My guess is that there probably isn’t.

What else… her sister’s also going through menopause, being home alone so much can’t be good for me, Florida might be good for me, traveling might be good for me, etc.

I’ve got to learn from now on that no matter how obvious someone’s attraction/fondness for me appears, it doesn’t actually mean anything and I need to just ignore it. Why have I gotten this kind of shit from women for so long? Act like they like me and want to keep in touch, then become a totally different person to the point that you would never guess that they acted that way. If you don’t want to keep in touch with someone then why act like you do?

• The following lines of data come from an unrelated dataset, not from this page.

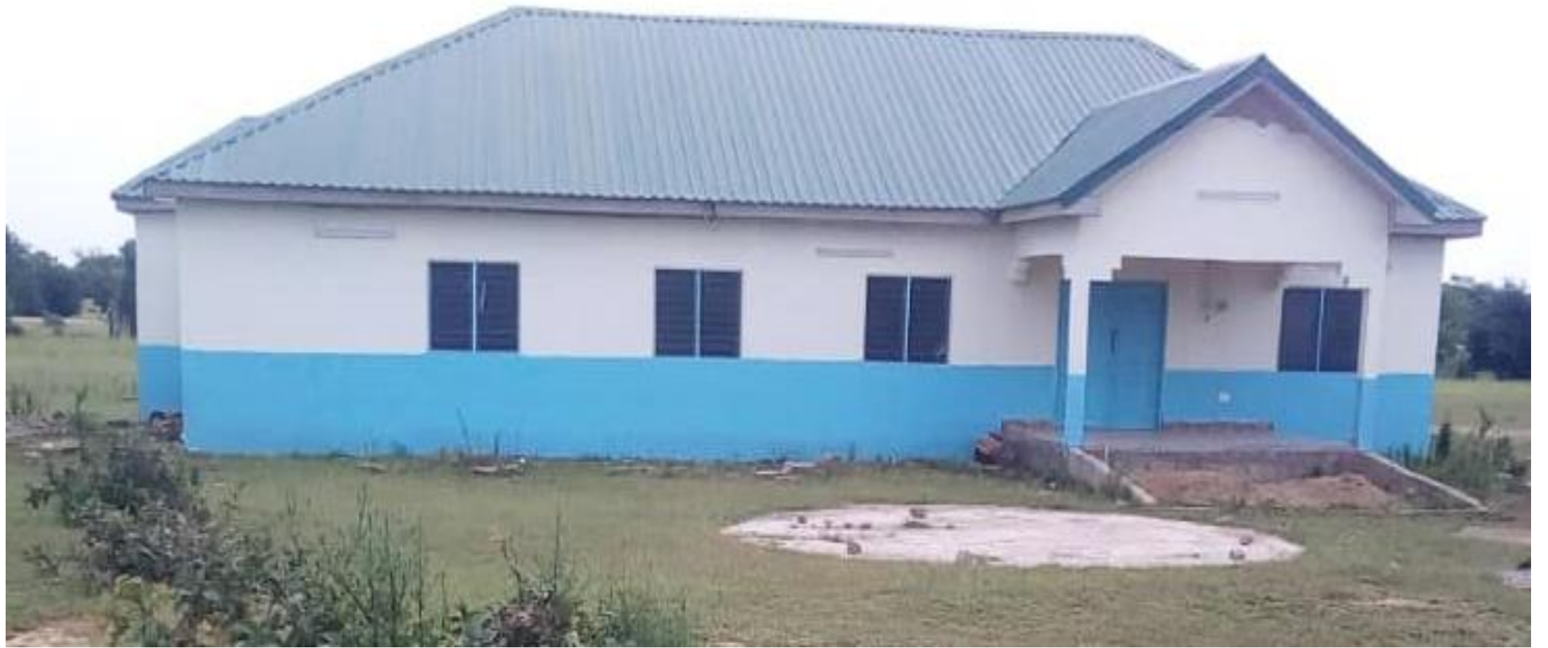
CLINIC AT MIRIGU, KASSANA NANKANA WEST REGION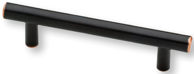
BP06-0096BCH Bronze Copper Highlights Holes are 96mm center-to-center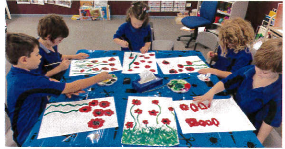
Junior students painting Poppies in Art.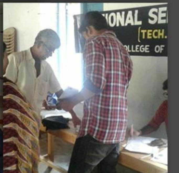
Community interaction and outreach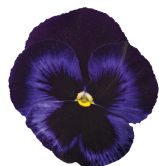
Blue Velvet VW0203R/E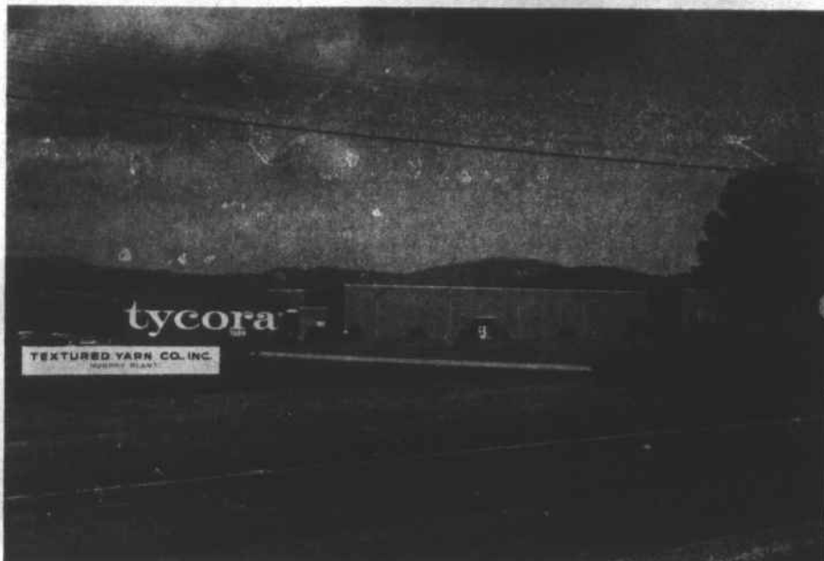
Textured Yarn Murphy Plant

Plans for further expansion are presently being made and an announcement will be made at the time they are complete.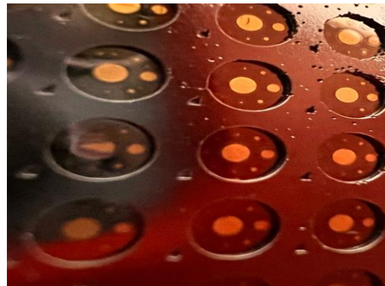
Backside view of pn diodes after Si and buffer removal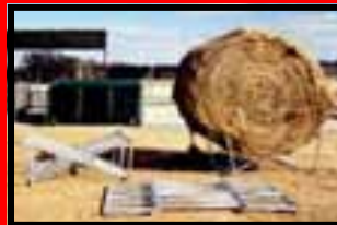
Grain & Hay Feeders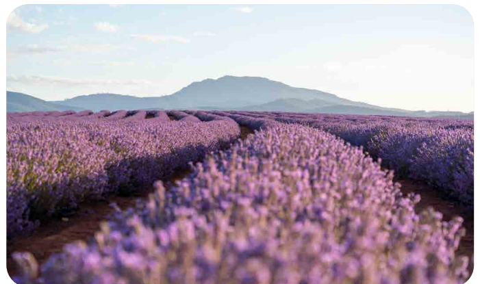
Bridestowe Lavender Estate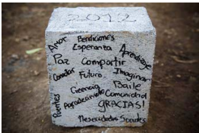
At the beginning of the build week, volunteers were asked to write on a cement block one word that best expressed their reason for making the trip.

"Once they understand shelter issues on a very deep, personal level, they are energized to do whatever they can to change all the policies that trap people in poverty housing."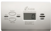
Model KN-COPP-B-LPM Carbon Monoxide Alarm Battery Operated with Digital Display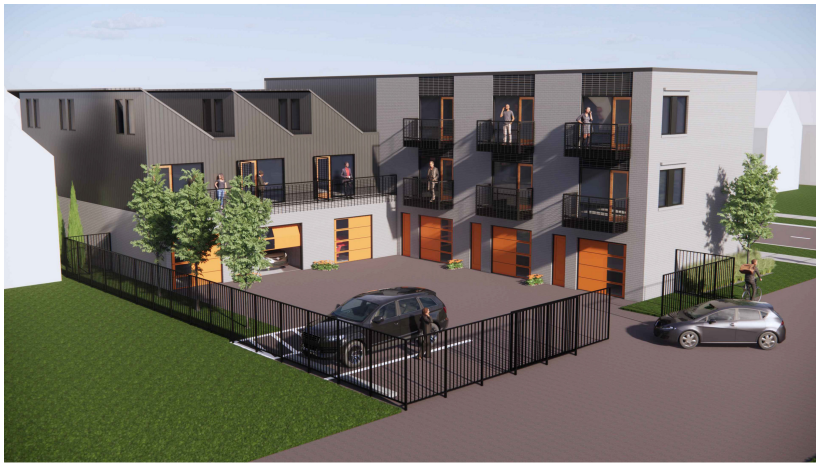
Exterior Rendering - Public Alley Perspective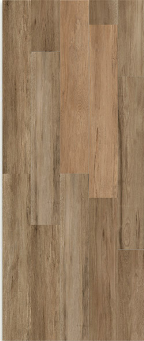
SOFTWOOD FLOOR MARRONE LEGNO GDW03 WALL MARRONE LEGNO LISTELLO C 120x20

SIZE 20x120 SURFACE SLIGHTLY STRUCTURED ACCESSORIES LISTELLO A,B,C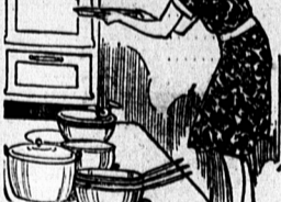
ALL THE KITCHEN UTENSILS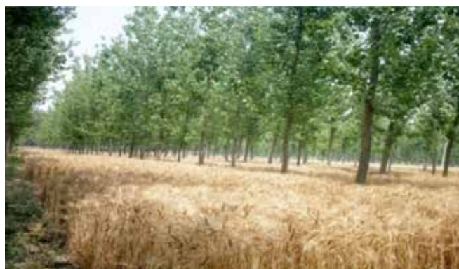
Poplar Hybrid - 5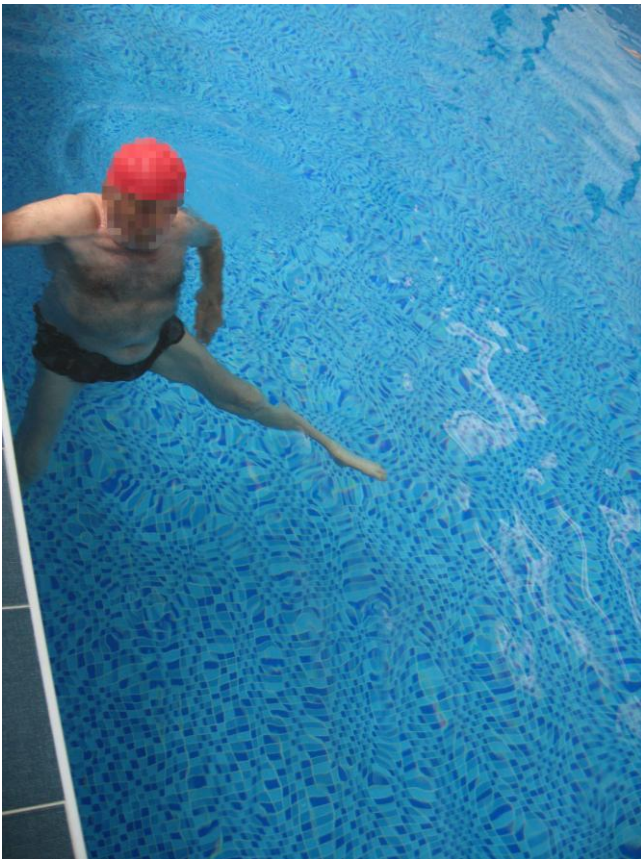
Figure 2: Water exercises for lower extremities in the pool

Upon dismissal, the patient had subjective improvement, but the clinical findings of the patient indicated no significant improvement in the lower leg muscle strength, no changes in MMT, swelling decreased in the left ankle, no pain in the left ankle. The patient's gait was more stable with below-knee plastic orthoses. Barthel Index scores 80, Timed Up and Go test 12.3 sec. Walking time at a distance of 6 m. was 9.14 sec.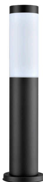
TORRE3 (Black / Bollard Light)

*To avoid disappointment and warranty problems, please ensure the IP Rating of the chosen product is relevant for the intended use.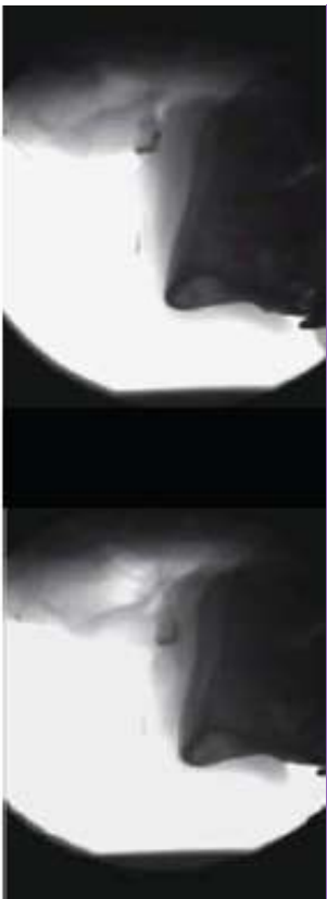
Patient at rest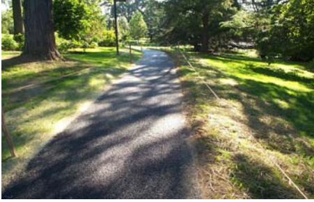
Figure 7.10 – Porous Asphalt Walking Paths

and an urban playground at the Penn New School in Philadelphia (Figure 11). At Swarthmore College, the paths are not part of an infiltration bed but are merely intended to reduce impervious cover. The Penn New School project works to reduce the volume of stormwater discharging to the Philadelphia combined sewer overflows. Both of these applications are “retrofits” in urban areas that were previously paved.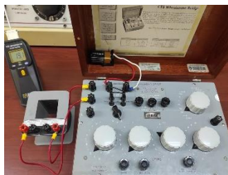
Figure 3.Measurement, PW

In order to validate the procedure and its respective result, the ohmic resistance of the inductor was measured with a Wheatstone Bridge ( PW ) -figure 3-, the result of the measurement is indicated in table 6, as well as the calculation of the relative percentage error, taking the PW reading as a reference -table 7-: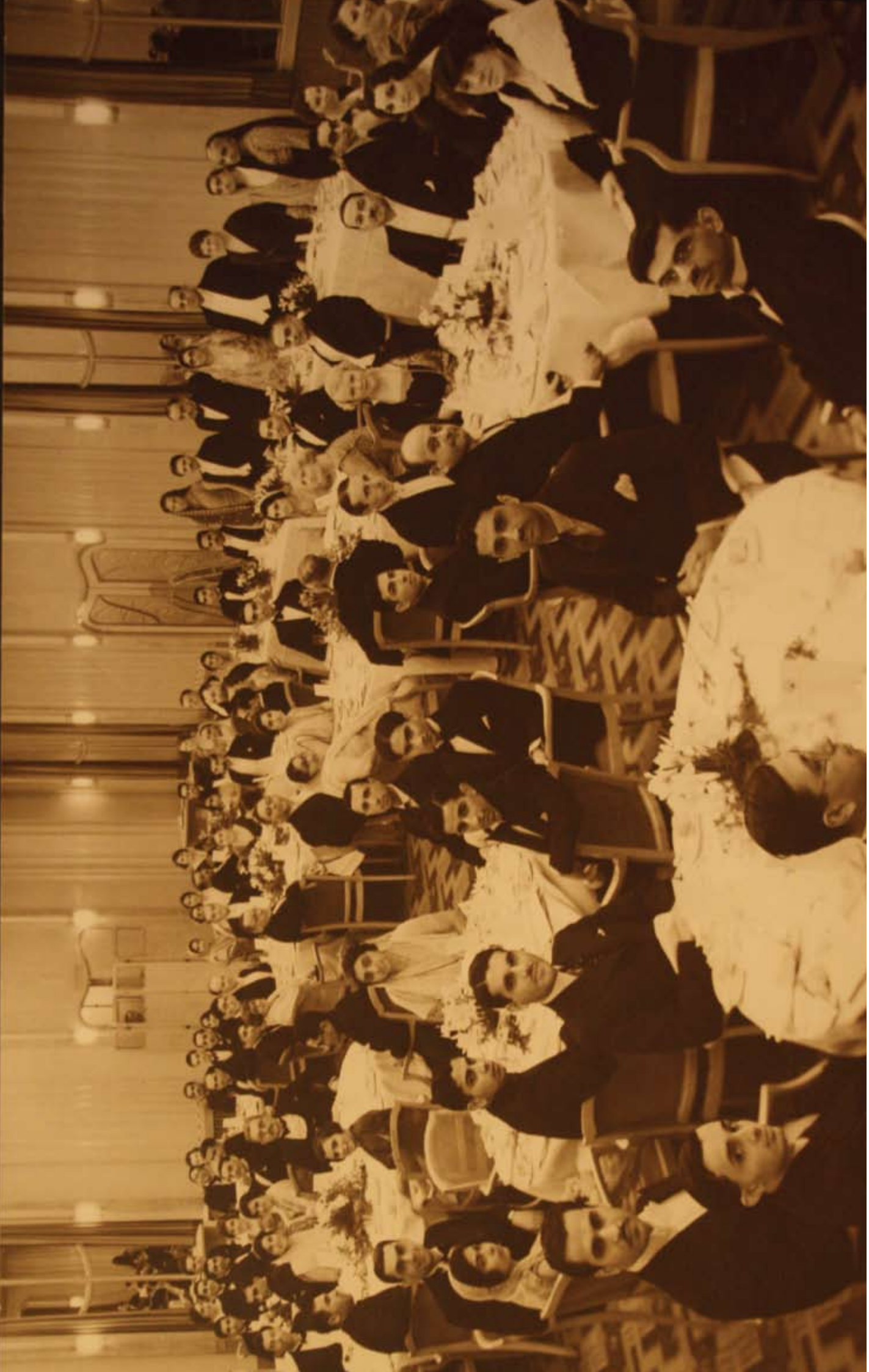
Jamshedji Navroze Banquet March 21st 1935, at the Trocadero Restaurant, London.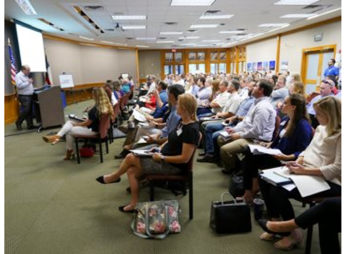
TWDB flood outreach meeting in Bastrop, TX.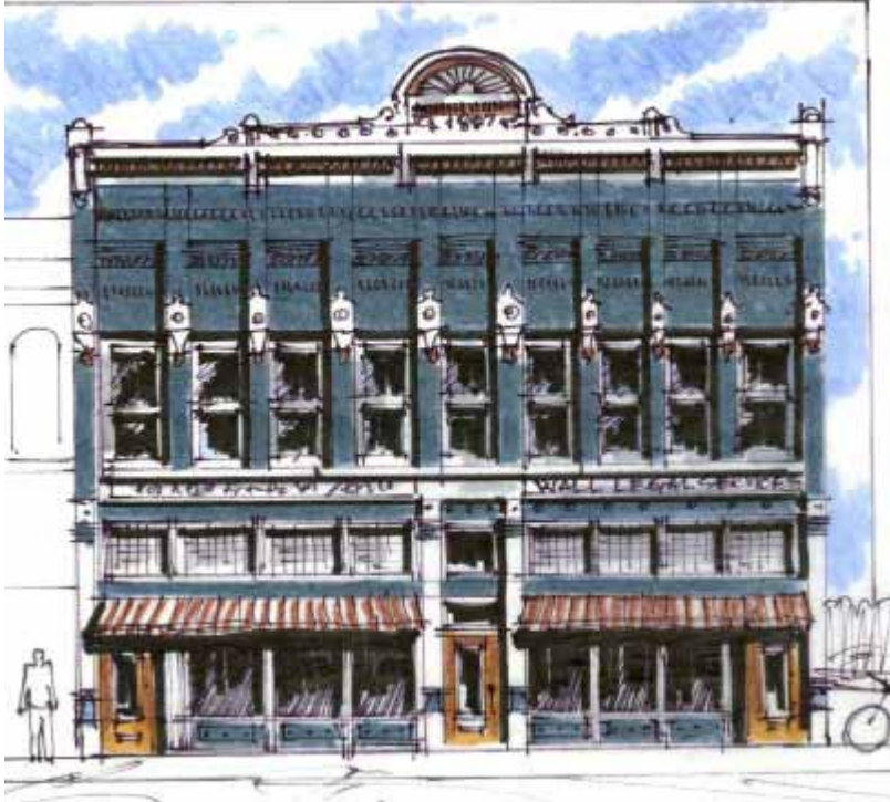
Project after rendering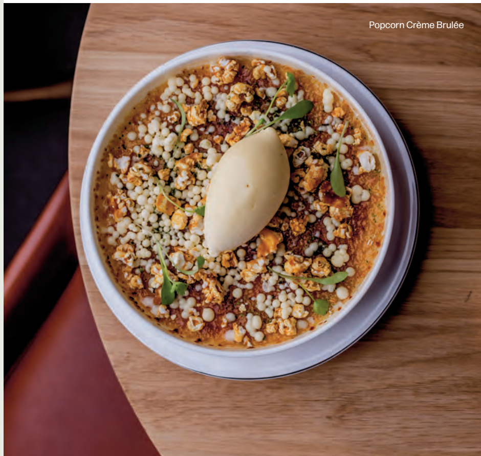
Popcorn Crème Brûlée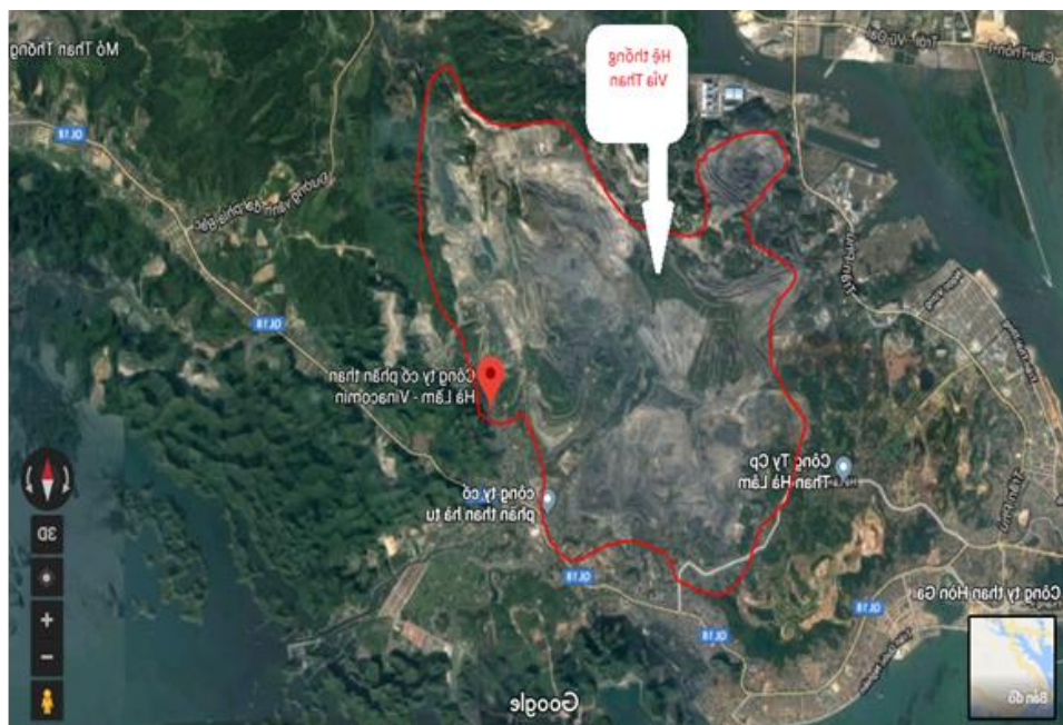
Figure 1. Ha Lam coal mine and location of the sampling

Ha Lam mine is located in an area with a convenient transport network. The 18A road through Ha Lam Coal Company connecting the provinces of Hai Phong, Hai Duong, Hanoi is an important route. There is also an 18B road, transporting coal from the field to the Nam Cau Trang coal refinery and the port of Cua Luc [1], (see figure 1). The location of the coal mine is near the sea, with roads suitable for operation and transport in large quantities.

Our meeting might explain the plane crash I survived in my dreams the night before. We took off somewhere, then all of a sudden things got oddly quiet and we crashed into a shallow body of water. No one was hurt and I didn’t even seem all that scared.

In other words, she’ll let me down but I’ll survive?

I also swear I had another negative dream about her right before I saw her, but I’m not sure what it was about.

I came home depressed and tired and unsure if I should bother seeing her again. I have an appointment scheduled for January 4th. I have drafted a letter containing my thoughts to her, which as I told her, I chose to write so that I can edit it in a way I think is most understandable. I went over and over in my mind whether or not I should cancel the appointment and how to get the letter to her. I asked Tom if I should continue seeing her and he said if I thought I needed to talk to a therapist, I should see her.

Well, I don’t see the need to report her, but I do think some of her behavior wasn’t appropriate. So I decided to leave it to fate. If I can make the appointment I’ll hand her the letter, ask that she read it afterward (it’s over 1550 words) and then be the one to decide whether or not we should continue. If I have to cancel the appointment I’ll mail it to her at work. I’m 90% sure she’ll drop me either way, though.

The question I’ve asked myself after reading the draft several times is… could this letter get me into any kind of trouble?

I honestly don’t see how it could.

Also, could she have the power to spite me if it angers her in any way? I realized that anyone can change, no one is necessarily who we think they are, and anyone is capable of just about anything. I don’t think it would, but if it did piss her off, she could cry suicide on my behalf. She could call the police saying I threatened to kill myself over the phone or something and there would be no way to prove otherwise until phone records could be checked and verified. Hopefully, she would be smart enough to think it through and realize that even if she was initially believed, a lie like that could be proven eventually. God fucking help her if she ever did anything like that, but I think she’ll just read the letter, file it away, and end our sessions.

Since we were on the subject just yesterday, I checked out her house again. It’s big and nicer than I realized at first, and I think it’s a two-car garage, not a one.

Here’s one of those rare cases I feel jealousy kicking in as I did with Alyssa. Stacey’s life may not be perfect and she may not always feel great, but she seems to be a very capable person who has it all. Beautiful home, a husband who can obviously perform since they’ve got a kid, the right to choose if she wanted that kid in the first place, the ability to drive, keep a schedule, and have a great paying career. On top of that, she looks great for her age, though maybe a bit frail.

I really wonder if she hasn’t read my blogs like she said she hasn’t. It just seems like it would be so hard to resist the curiosity, especially now that she knows I like her, but I would be even more surprised if she hasn’t checked my Facebook profile.

Also, I noticed the sudden jump in Florida and Texas visitors. She has family in both states. But they don’t appear to have gone to Blogger, though. Just Prosebox. I don’t think my Prosebox account could be found that easily unless you’re really good at finding people’s accounts.